**Stored items**.
Content starts
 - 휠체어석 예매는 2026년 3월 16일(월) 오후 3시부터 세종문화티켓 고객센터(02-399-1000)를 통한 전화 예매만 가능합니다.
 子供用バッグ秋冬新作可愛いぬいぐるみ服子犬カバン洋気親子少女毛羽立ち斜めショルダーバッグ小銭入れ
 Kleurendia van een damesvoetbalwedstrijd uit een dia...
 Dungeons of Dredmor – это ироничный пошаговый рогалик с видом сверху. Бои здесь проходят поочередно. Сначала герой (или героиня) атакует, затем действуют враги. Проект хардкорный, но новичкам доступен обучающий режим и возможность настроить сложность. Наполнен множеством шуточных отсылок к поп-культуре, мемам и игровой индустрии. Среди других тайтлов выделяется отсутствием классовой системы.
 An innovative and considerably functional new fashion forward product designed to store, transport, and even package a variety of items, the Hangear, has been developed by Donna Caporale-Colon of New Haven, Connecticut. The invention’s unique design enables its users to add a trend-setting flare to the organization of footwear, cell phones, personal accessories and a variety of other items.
Content ends
Content starts
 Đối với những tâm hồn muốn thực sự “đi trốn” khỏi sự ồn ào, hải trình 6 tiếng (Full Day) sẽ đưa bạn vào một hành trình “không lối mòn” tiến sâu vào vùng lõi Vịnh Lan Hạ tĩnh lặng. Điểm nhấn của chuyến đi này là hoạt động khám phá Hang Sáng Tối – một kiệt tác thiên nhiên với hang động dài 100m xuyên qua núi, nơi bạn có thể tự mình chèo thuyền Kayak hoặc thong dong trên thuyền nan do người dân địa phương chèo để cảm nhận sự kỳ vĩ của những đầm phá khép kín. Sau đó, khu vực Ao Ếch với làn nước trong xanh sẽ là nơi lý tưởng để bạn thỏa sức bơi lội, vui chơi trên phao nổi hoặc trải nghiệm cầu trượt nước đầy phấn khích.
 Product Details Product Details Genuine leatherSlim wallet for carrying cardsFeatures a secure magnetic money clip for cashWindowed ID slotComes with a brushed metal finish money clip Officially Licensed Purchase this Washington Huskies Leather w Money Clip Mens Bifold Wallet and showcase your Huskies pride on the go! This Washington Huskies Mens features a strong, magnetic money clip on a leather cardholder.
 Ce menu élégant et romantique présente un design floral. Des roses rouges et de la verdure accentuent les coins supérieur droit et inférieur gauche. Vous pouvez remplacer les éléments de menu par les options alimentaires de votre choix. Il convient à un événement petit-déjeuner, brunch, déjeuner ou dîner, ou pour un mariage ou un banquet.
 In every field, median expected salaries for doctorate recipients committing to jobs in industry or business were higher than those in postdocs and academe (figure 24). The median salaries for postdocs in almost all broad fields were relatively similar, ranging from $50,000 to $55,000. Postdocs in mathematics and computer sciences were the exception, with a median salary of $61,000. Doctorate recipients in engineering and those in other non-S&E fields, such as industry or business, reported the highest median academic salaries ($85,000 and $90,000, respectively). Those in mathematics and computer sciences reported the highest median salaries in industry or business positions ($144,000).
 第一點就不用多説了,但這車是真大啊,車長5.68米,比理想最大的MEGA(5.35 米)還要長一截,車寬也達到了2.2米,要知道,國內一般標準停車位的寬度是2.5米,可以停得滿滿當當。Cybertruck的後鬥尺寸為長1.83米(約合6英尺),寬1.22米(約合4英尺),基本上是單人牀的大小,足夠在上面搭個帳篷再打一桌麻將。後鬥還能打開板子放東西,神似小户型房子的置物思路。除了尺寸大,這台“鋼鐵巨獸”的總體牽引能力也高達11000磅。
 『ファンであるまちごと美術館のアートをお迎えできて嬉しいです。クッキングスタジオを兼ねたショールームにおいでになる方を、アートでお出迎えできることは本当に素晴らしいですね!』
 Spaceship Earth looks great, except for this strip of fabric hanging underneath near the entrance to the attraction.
Content ends
**TO DO**.
In the entries above, the lines between the one holding "Dungeons of Dredmor" and the one holding "An innovative and", inclusive, are to be printed exactly as written, and those alone.

**ANSWER BELOW**.
 Dungeons of Dredmor – это ироничный пошаговый рогалик с видом сверху. Бои здесь проходят поочередно. Сначала герой (или героиня) атакует, затем действуют враги. Проект хардкорный, но новичкам доступен обучающий режим и возможность настроить сложность. Наполнен множеством шуточных отсылок к поп-культуре, мемам и игровой индустрии. Среди других тайтлов выделяется отсутствием классовой системы.
 An innovative and considerably functional new fashion forward product designed to store, transport, and even package a variety of items, the Hangear, has been developed by Donna Caporale-Colon of New Haven, Connecticut. The invention’s unique design enables its users to add a trend-setting flare to the organization of footwear, cell phones, personal accessories and a variety of other items.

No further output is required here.